Chester thought it important to explain what had taken place, graphically, at a later point when the two principal characters are again skin to skin. He wanted to, in a single document, modernize race relations by revealing the libidinal underside of prejudice, upheld legally by fear-filled white men and women, who secretly desired intimacy with blacks. At the same time, he wasn’t seeking to fall into the trap of producing black saviors who, like Harriet Beecher Stowe’s Uncle Tom, redeem white barbarity by way of their saintliness. His hero would have ample sex desire, fused with explicit black rage.
“You can’t insult me, nigger,” she told me. “You’d die for these fine white thighs of mine, you can’t fool me.”
“Die in ’em,” I grinned, peeling off my clothes.
She lay on the bed beside me, looking at the ceiling. “There’s something about a nigger screwing you that gets in your blood. I can just think about you raping me last night and wet all over myself. Gotdoggit, it ain’t—.” She broke off suddenly and asked me, “You ever been to Chicago?”
“Sure, plenty of times,” I said. “I know some fine white chicks in Chicago.”
“They tell me niggers is married to white women in Chicago and nobody does anything about it,” she said.
“Hell, that happens everywhere,” I said.
“Let’s go to Chicago and get married,” she said.
We both rolled over to face each other at the same time. I wanted to see if she was kidding. I don’t know what she wanted to see, but I thought it was a good time to hurt her if I could, so I said, “If I was going to marry a white woman I wouldn’t marry a slut like you.”
Her whole body began twitching and her face was like a square red bar. “You know what I’m going to do with you, nigger. I’m gonna make you screw me then I’m gonna get you lynched. I’ll be the last white woman you ever screw.”
I began pawing at her. “Take off your gown, goddammit,” I said impatiently.
She peeled off her clothes, her big white body spreading out on the bed like the grandmother of all the whores in the world. I tried to win a home. She went through her rigmarole of, “Nigger, rape me; oh, rape me, nigger!” as she had done the night before. Her face was flushed bright crimson and her eyes threw off weird sparks. But she didn’t fight.
When we had finished we lay there a while and she said harshly, “Gawdddd-damnnnn, a nigger just sets me on fire. I wanna run through the fields and get raped by every nigger in Texas.”
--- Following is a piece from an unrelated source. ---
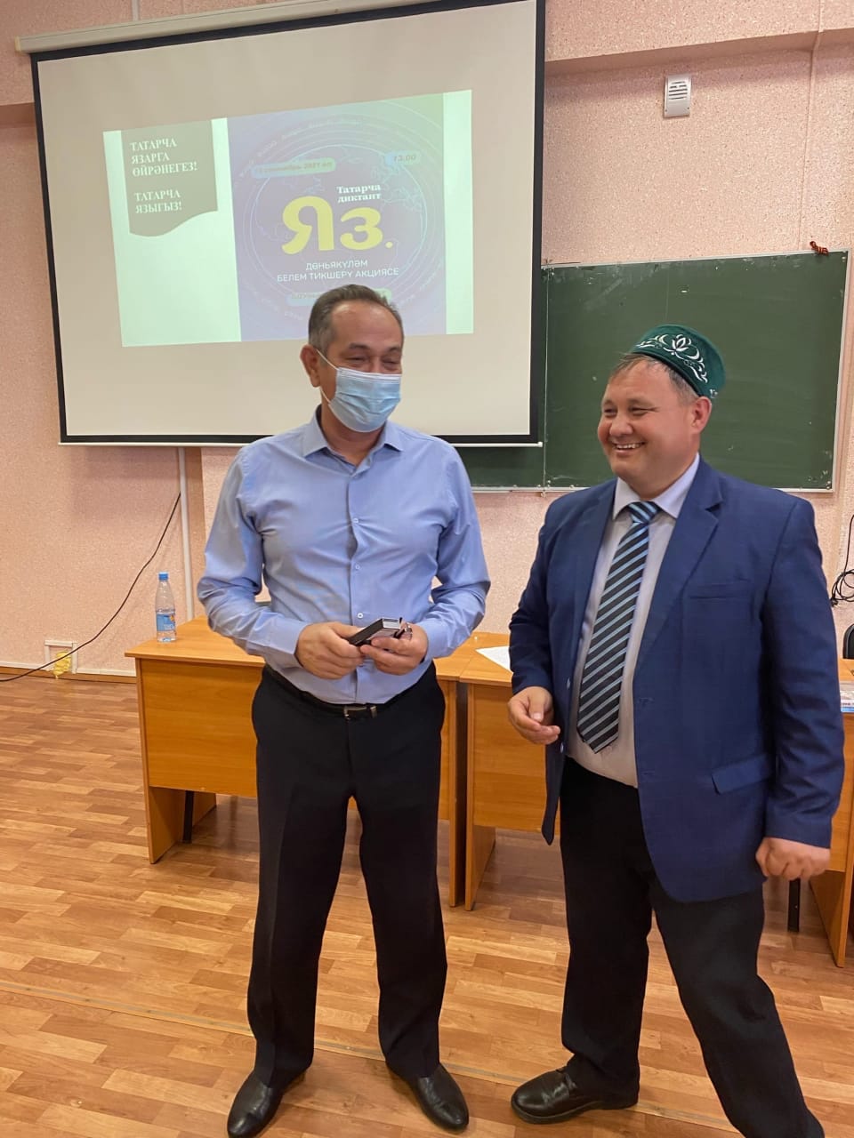 После диктанта И.С. Насипов поблагодарил присутствующих за участие в акции и сказал: "Здесь в зале - истинные патриоты своего народа. Кто-то проверяет свою грамотность, кто-то отдает дань уважения своему народу, его культуре, кто-то пришел пообщаться с единомышленниками на родном языке, услышать мелодию родной речи... Но самое главное - это уважение к родному языку и своим истокам!"

I lit a cigaret and became analytical, lying there, puffing. “You’re just like all the other southern white women,” I said. “You’re frustrated and inhibited. If it wasn’t all this business about race, you probably wouldn’t even think about colored men.”
Himes topped off his draft by including a graphic lesbian scene involving Bob Jones’s middle-class society girlfriend, Alice.
Doubleday would not publish it.
Bucklin Moon was not prudish; in his own novel the heroine works as a streetwalker to support herself. But she was black. And, in December 1944 Buck Moon submitted “Slack’s Blues” to Alice Browning’s Negro Story; it was a deeply sensitive and historically revealing portrait of a blues-playing piano man from Alabama making it in New York, a guy who knew how to handle himself. Moon reworked some of the materials from the famous jazz club scene in The Sun Also Rises, where the black drummer is the potent masculine comrade to Brett Ashley (James Baldwin, Moon’s young protégé, would, in a dozen years, take a similar story to even further heights). But Moon had met Chester in the company of civil rights lobbyists, and he expected that the material would not explode in his hands. He wanted at least a slight portrait of black heroism and keeping Bob Jones chaste in the novel and having Madge falsely accuse him of rape at the conclusion would help. Even within those limitations, the novel could still carry the scorpion’s sting of sex and race.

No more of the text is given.